On another note, my good friend help lit a candle within me. I got work to do. I have PG deconstruction. I have outfits to wear. Fashion idea I still need to search. Skin care to learn. There are still things to do even after she is gone. If anything, there is so much more things to do now that she left. 

I am reinventing myself again. 

Monday, March 24, 2025

Vanity Affairs: So plant your own gardens

 There was a poem I read from yasmin's blog many years ago. I loved it when I read it. I still remember it to this day. I wonder if the person who had cause her such pain and sadness. And with new dawn, she came to the realization and move forward. 

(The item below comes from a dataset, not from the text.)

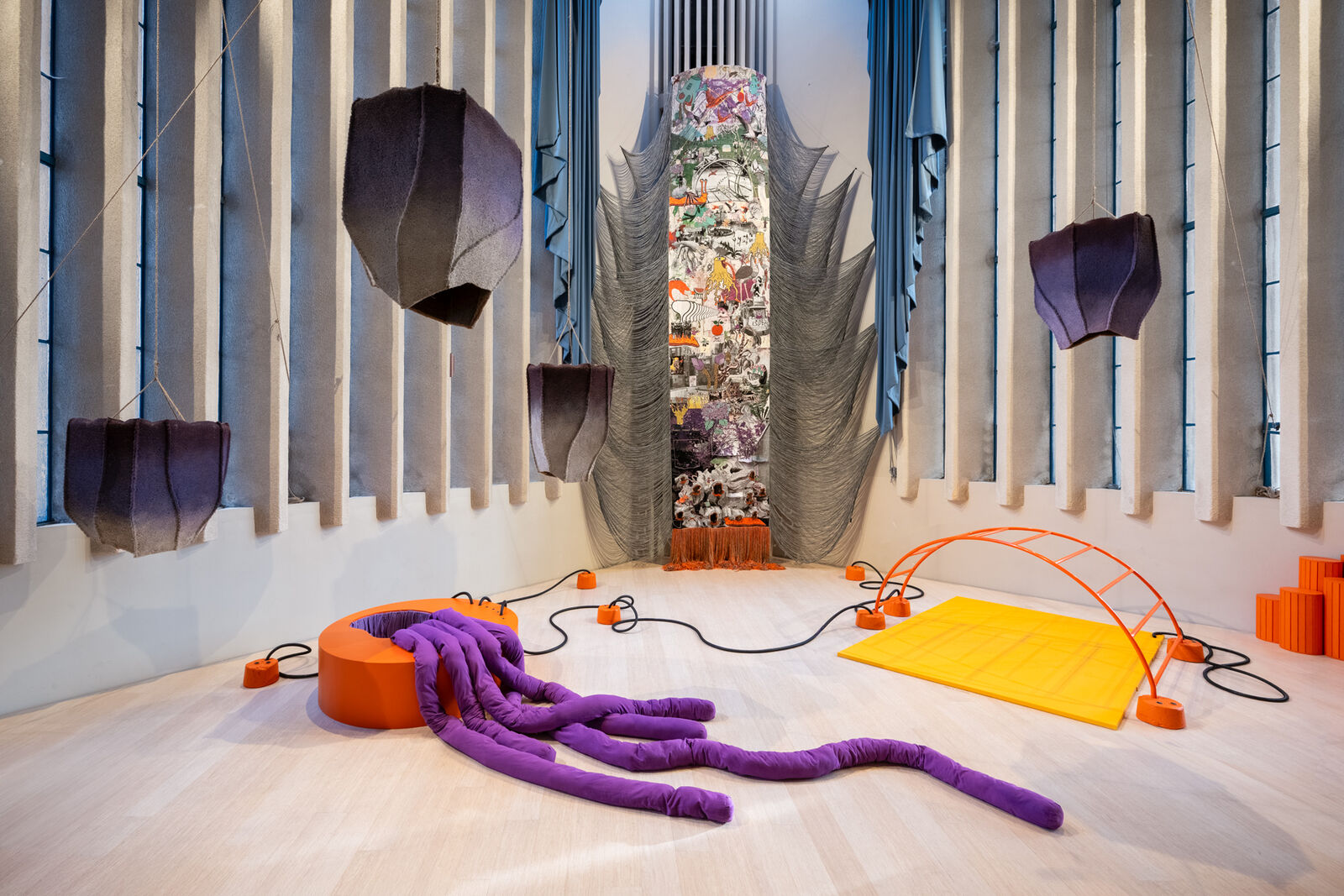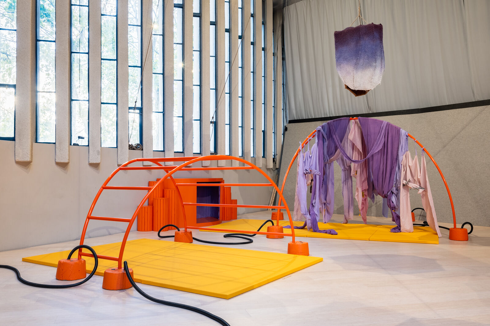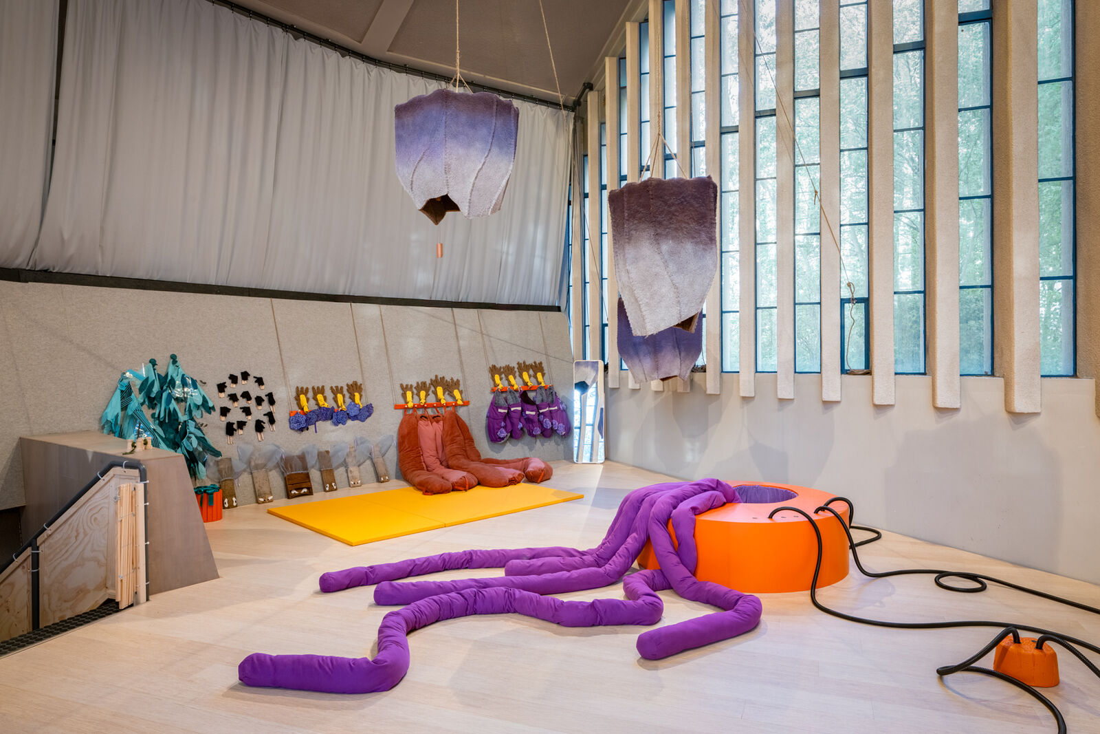 The exhibition is shaped by barnacle interiors, playground platforms inspired from Aldo van Eyck’s designs, modular sculptural costumes, and a large scale tapestry. The abstract structures invite open-ended interaction rather than prescribe fixed behaviors. They invite children to build and unbuild tents and shelters.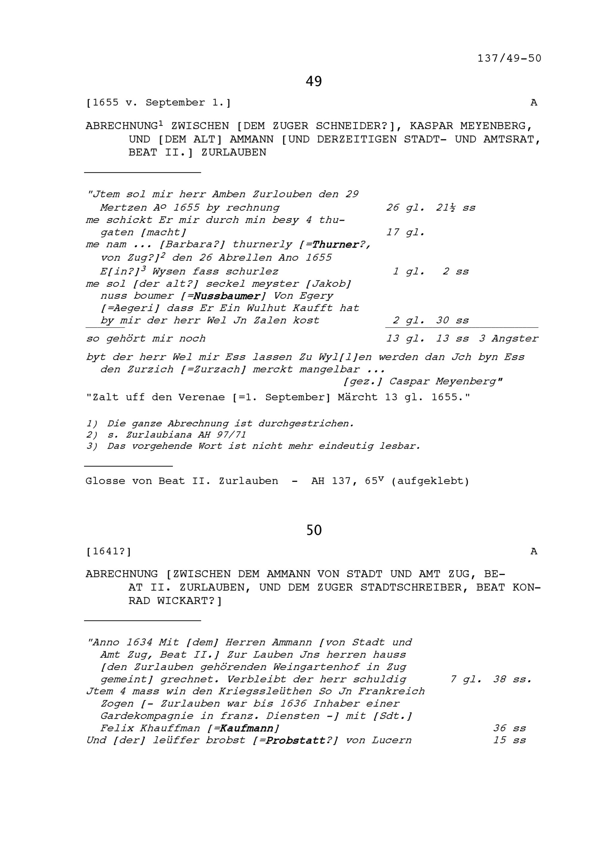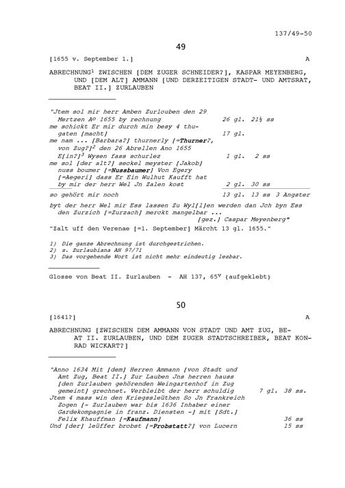 Abrechnung zwischen Beat II. Zurlauben, Ammann von Stadt und Amt Zug, und Beat Konrad Wickart, Zuger Stadtschreiber

I am truly sorry I broke her heart. It was a lie I could no longer lived. I will repay her in my next life. 
This last quotes was what I remember of hers. 



Monday, March 17, 2025

Vanity Affairs: Self improvement - PG Deconstruction

 


I want to improve on myself. When I look into the mirror, it is hard to imaged what I need to change. Maybe I have seen myself so many time that I feel normal to look this way. But then again, I want to improve on myself. I feel comfortable being me. I have came a long way in term of looks.. I lost weight. I dyed my hair. I am trying to figure outfits. But still.. something still feel like I'm lacking. 

I want to superficial pretty. Let's forget inner beauty for the next few months. Let's get vain. 

Things that I think I can be better.. IF I CANNOT DATE A PRETTY, I'M GOING TO BE THAT PRETTY GIRL! 

If you can't beat them, let's join them. So.. how to be a pretty girl. This is some topic off the top of my head:

  1. Skin care
  2. Make-up (and KNOW how to apply them.. )
  3. The Hair
  4. The slim body
  5. Outfits

That's it. I think.. 

But now, the only way to improve is (1) Get result (2) Get.a.brutally.honest.audience. 

I need to figure out how to make this possible. Now, I need to make a notion page to set up these corner stone.